Hello Julia community!

We’re building GPU-first, finite volume, pure Julia software for atmospheric modeling called “Breeze.jl”, based on Oceananigans.jl. Breeze looks and smells like Oceananigans and reuses grids, fields, operators, solvers, and design principles.

We’re currently focused on high-resolution applications, from O(10 m) scale large eddy simulations to O(km) “mesoscale” simulations. Our priorities (now) are state-of-the-art cloud physics parameterizations, high performance, and differentiable workflows behind a radically easy-to-learn user interface (the Oceananigans Way), all with an eye towards weather science and forecasting.

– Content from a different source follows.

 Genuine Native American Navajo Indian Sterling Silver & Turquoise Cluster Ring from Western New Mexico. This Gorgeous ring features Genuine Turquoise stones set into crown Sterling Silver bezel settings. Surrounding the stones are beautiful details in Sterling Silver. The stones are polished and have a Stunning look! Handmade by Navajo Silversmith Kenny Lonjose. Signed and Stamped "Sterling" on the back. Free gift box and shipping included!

This announcement is also a call to action. It takes a whole community to build the kind of atmosphere model we’re dreaming about.

Hello, world

Breeze’s syntax mirrors Oceananigans and is designed to maximize the productivity of scientists. Here’s a “hello world” for Breeze:

using Breeze
using Oceananigans.Units

grid = RectilinearGrid(size=(128, 128), x=(0, 1e4), z=(0, 5e3),
                       topology=(Periodic, Flat, Bounded))

Q₀ = 1000 # heat flux in W / m²
ρe_bcs = FieldBoundaryConditions(bottom=FluxBoundaryCondition(Q₀))
boundary_conditions = (; ρe=ρe_bcs)

model = AtmosphereModel(grid; advection=WENO(), boundary_conditions)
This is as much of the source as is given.